Trump was still heard on X (formerly Twitter) on Wednesday night, however, as he tried to truncate the event by being interviewed by Tucker Carlson, the former Fox host jettisoned just after the settlement with Dominion.

"Do I sit there [at the debate] for an hour or two hours, whatever it's going to be, and get harassed by people who shouldn't even be running for president?" Trump rhetorically asked Carlson. "Should I be doing that at a network that isn't particularly friendly to me?"

Actually, Fox was too solicitous of Trump, which is why it had to settle with Dominion and faces another, potentially even costlier, lawsuit from Smartmatic, an elections technology company that claims it was defamed on Fox by comments over the 2020 election.

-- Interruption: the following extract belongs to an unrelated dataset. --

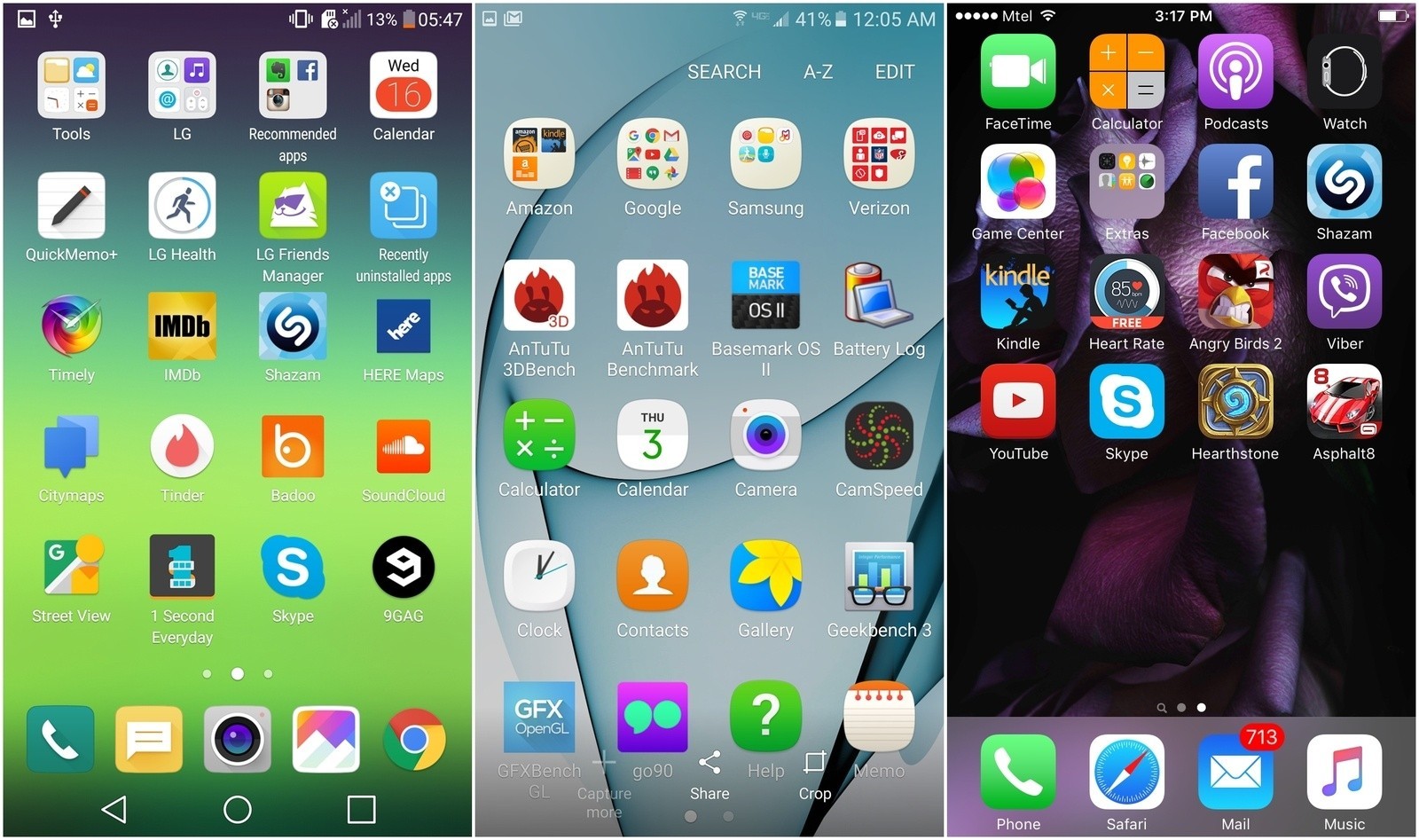 Non potevamo che vedere la comparazione dei tre smartphone top di gamma: LG G5, Samsung Galaxy S7 e iPhone 6. Possono non avere un design spettacolare, ma ciò che più sorprende è sicuramente la fluidità hardware rapportata ad un’interfaccia intelligente. Ognuno di questi presenta delle differenze di interfaccia infatti troviamo UX per LG, TouchWiz per Samsung e iOS 9 per Apple.
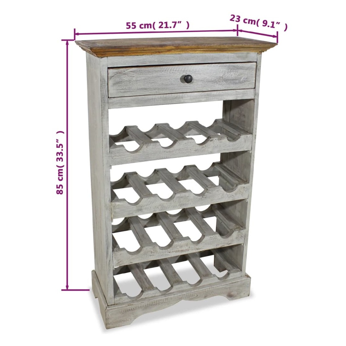 Ce casier à bouteilles en bois de style antique sera un accessoire intemporel pour votre maison et parfait pour les collectionneurs de vin. Fabriquée en bois d'acajou massif, ce casier à bouteilles en bois massif est extrêmement durable et robuste. L'acajou est un bois dur tropical qui se distingue par sa beauté, sa durabilité et sa couleur. Un savoir-faire spécial a été utilisé pour donner à cet article un aspect vintage, chaleureux et authentique. Chaque pièce de ce meuble est unique et légèrement différente de la suivante. Les signes d'usure et l'artisanat de cette cave à vin entièrement fait à la main donnent à chaque pièce un look unique et ajouter à son style vintage spectaculaire. Chaque étape du processus est réalisée avec le plus grand soin. Son design classique sera attrayant dans n'importe quelle pièce. Remarque importante : les couleurs peuvent varier d'une pièce à l'autre, rendant chacun de nos casiers à bouteilles uniques. La livraison est aléatoire, ce qui garantit l'exclusivité et l'individualité de votre produit.

The journalistic and legal liability from the Dominion and Smartmatic suits hasn't seemed to wise up the network's two top executives, however, who dined with Trump in New Jersey just hours after his third indictment earlier this month, trying to convince him to attend the debate. Such a play for ratings isn't what news network leaders should be doing; rather, they should heed by the rules set forth by the Republican National Committee and welcome — and treat — every candidate who qualifies equally. Trying to backchannel the front-runner to appear might rightly raise questions about what promises were offered to Trump, who through the meeting alone received treatment not offered to his Republican rivals.

Fox has been savvy in the marketplace of ideas (let alone of advertising) by appealing to conservatives. But the nature of conserving something means to protect it, which Fox should do with its reputation and especially with our democracy. Debates shouldn't be extensions of prime-time opining as done from the right on Fox or the left on MSNBC; rather, they should be as neutral and professional as possible, which would truly be showing respect.